[Records from a collection]
BEGIN

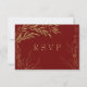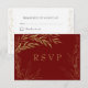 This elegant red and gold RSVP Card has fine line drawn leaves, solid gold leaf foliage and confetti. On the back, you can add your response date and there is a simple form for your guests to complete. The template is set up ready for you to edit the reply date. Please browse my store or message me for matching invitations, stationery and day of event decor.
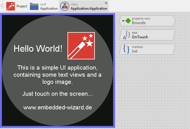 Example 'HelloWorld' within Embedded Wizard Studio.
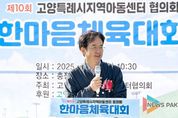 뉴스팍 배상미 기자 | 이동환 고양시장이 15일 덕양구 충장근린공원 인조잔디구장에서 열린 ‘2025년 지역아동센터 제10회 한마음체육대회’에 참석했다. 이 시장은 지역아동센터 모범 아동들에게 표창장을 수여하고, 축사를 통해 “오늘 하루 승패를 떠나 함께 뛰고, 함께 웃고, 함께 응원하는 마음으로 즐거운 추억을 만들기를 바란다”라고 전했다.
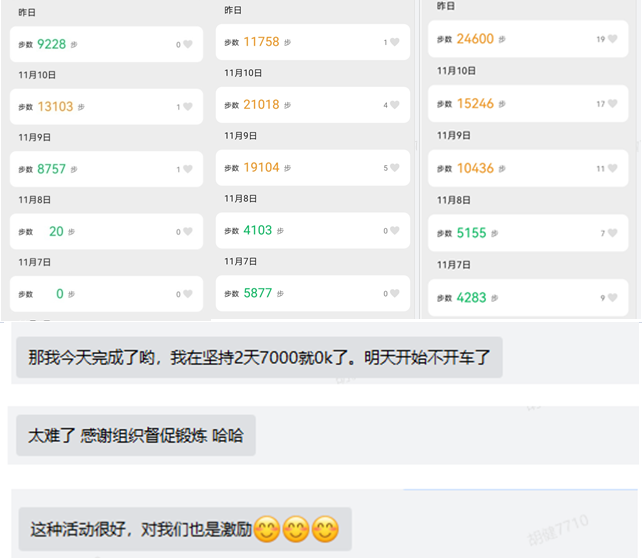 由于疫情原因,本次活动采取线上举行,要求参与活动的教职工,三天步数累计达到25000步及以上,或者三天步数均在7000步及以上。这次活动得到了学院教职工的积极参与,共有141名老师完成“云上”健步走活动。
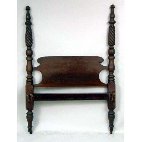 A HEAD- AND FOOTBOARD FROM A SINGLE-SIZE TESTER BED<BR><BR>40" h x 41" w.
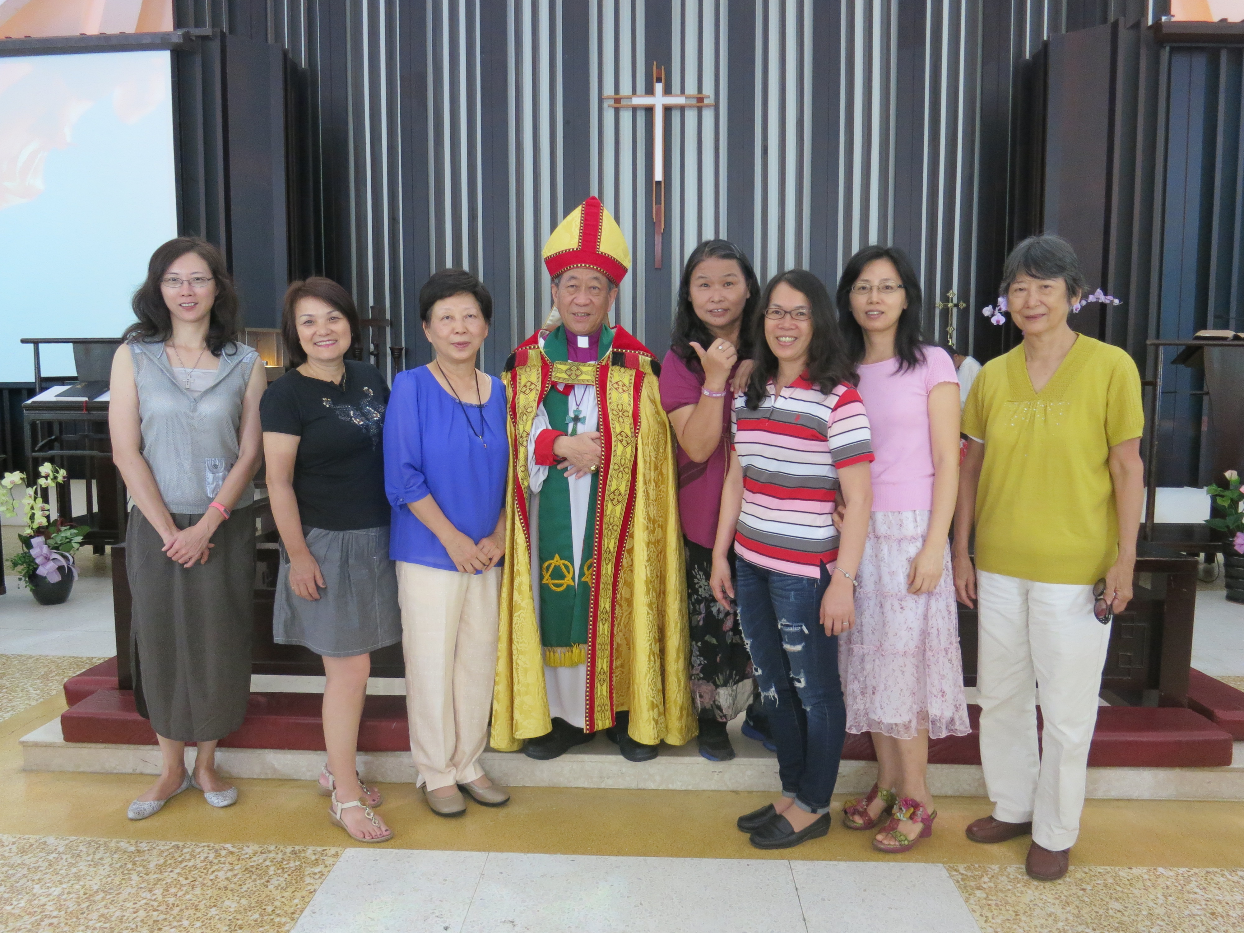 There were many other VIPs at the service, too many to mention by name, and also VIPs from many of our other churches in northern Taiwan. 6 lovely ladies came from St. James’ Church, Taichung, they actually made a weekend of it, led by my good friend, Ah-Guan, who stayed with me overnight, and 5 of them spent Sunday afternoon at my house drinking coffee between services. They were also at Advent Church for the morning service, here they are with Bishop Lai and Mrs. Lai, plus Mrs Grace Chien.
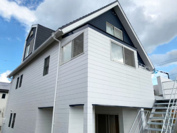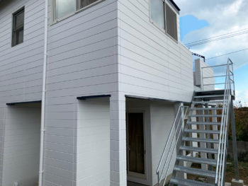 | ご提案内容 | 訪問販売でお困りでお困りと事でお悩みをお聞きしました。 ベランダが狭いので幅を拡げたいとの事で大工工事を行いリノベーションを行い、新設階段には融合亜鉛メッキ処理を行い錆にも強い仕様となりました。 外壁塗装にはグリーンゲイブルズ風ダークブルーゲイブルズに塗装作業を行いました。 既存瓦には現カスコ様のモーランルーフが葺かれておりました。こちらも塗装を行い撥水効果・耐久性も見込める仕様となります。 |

END

◆ **WHAT YOU HAVE TO DO**: Could you transcribe all of the data exactly, keeping every picture out of the copy?

◆ **OUTPUT OF THE TASK**:
 This elegant red and gold RSVP Card has fine line drawn leaves, solid gold leaf foliage and confetti. On the back, you can add your response date and there is a simple form for your guests to complete. The template is set up ready for you to edit the reply date. Please browse my store or message me for matching invitations, stationery and day of event decor.
 Example 'HelloWorld' within Embedded Wizard Studio.
 뉴스팍 배상미 기자 | 이동환 고양시장이 15일 덕양구 충장근린공원 인조잔디구장에서 열린 ‘2025년 지역아동센터 제10회 한마음체육대회’에 참석했다. 이 시장은 지역아동센터 모범 아동들에게 표창장을 수여하고, 축사를 통해 “오늘 하루 승패를 떠나 함께 뛰고, 함께 웃고, 함께 응원하는 마음으로 즐거운 추억을 만들기를 바란다”라고 전했다.
 由于疫情原因,本次活动采取线上举行,要求参与活动的教职工,三天步数累计达到25000步及以上,或者三天步数均在7000步及以上。这次活动得到了学院教职工的积极参与,共有141名老师完成“云上”健步走活动。
 A HEAD- AND FOOTBOARD FROM A SINGLE-SIZE TESTER BED<BR><BR>40" h x 41" w.
 There were many other VIPs at the service, too many to mention by name, and also VIPs from many of our other churches in northern Taiwan. 6 lovely ladies came from St. James’ Church, Taichung, they actually made a weekend of it, led by my good friend, Ah-Guan, who stayed with me overnight, and 5 of them spent Sunday afternoon at my house drinking coffee between services. They were also at Advent Church for the morning service, here they are with Bishop Lai and Mrs. Lai, plus Mrs Grace Chien.
 | ご提案内容 | 訪問販売でお困りでお困りと事でお悩みをお聞きしました。 ベランダが狭いので幅を拡げたいとの事で大工工事を行いリノベーションを行い、新設階段には融合亜鉛メッキ処理を行い錆にも強い仕様となりました。 外壁塗装にはグリーンゲイブルズ風ダークブルーゲイブルズに塗装作業を行いました。 既存瓦には現カスコ様のモーランルーフが葺かれておりました。こちらも塗装を行い撥水効果・耐久性も見込める仕様となります。 |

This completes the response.